As the art of creating facial composites evolves, many new police composite artists entering the field are embracing software technology as a viable alternative. They quickly realize that it can help them create more composites in less time than those they hand draw. This allows greater flexibility because they can still pursue something they are passionate about while minimizing the impact on their primary duties. Since the forensic art field involves many facets, there will always be a need for a properly trained forensic artist who spends the time to properly hone and diversify their skills.

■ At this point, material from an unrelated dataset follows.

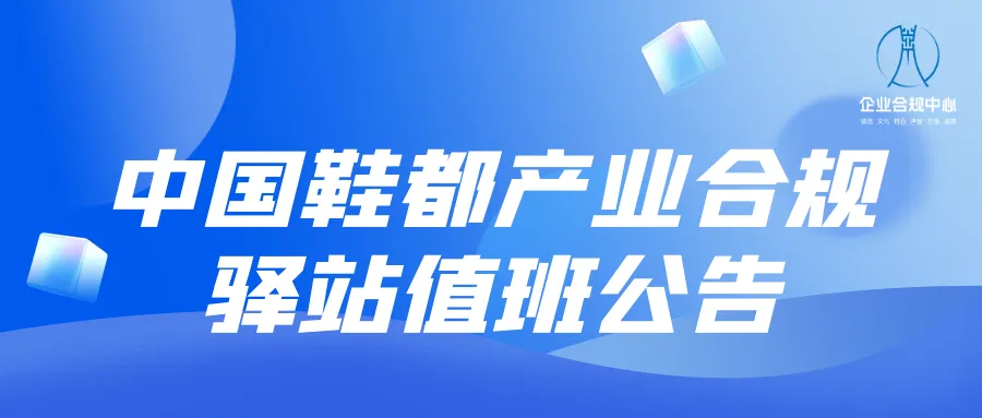 为推动企业行政合规体系建设,实质性发挥优化法治营商环境作用,为企业发展提供更优法治服务,创造更好的法治环境,鹿城区中国鞋都产业合规驿站实行值班制,现将值班事项公告如下:
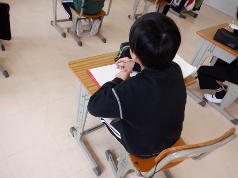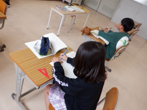 ノートを書くときに下敷きを使っていますか?と友だちに声をかける姿も見られました。

Making the change to creating faces from pixels instead of pencils can be done quite easily. With careful planning and commitment, law enforcement agencies will begin realizing cost-saving results.
Continued training and technology investments will encourage increased use of facial composites. Law enforcement personnel who look forward to using these programs will lead to increased proficiency, not to mention the psychological first aid an image provides for victims of violent crime.
With careful planning and commitment, agencies will begin realizing cost-saving results. Continued training and technology investments will save you more money over time, with the increased opportunity to capture more crooks, closing cases much quicker and investing those savings in other crime fighting tools and technology.
Sgt. Michael W. Streed (Ret.) is an award-winning, internationally-recognized police sketch artist with 33 years experience with some of the largest, most diverse US police agencies, including LA and Baltimore police. A certified forensic artist and owner of SketchCop Solutions (www.SketchCop.com), he consults and trains law enforcement in using facial composite imaging software.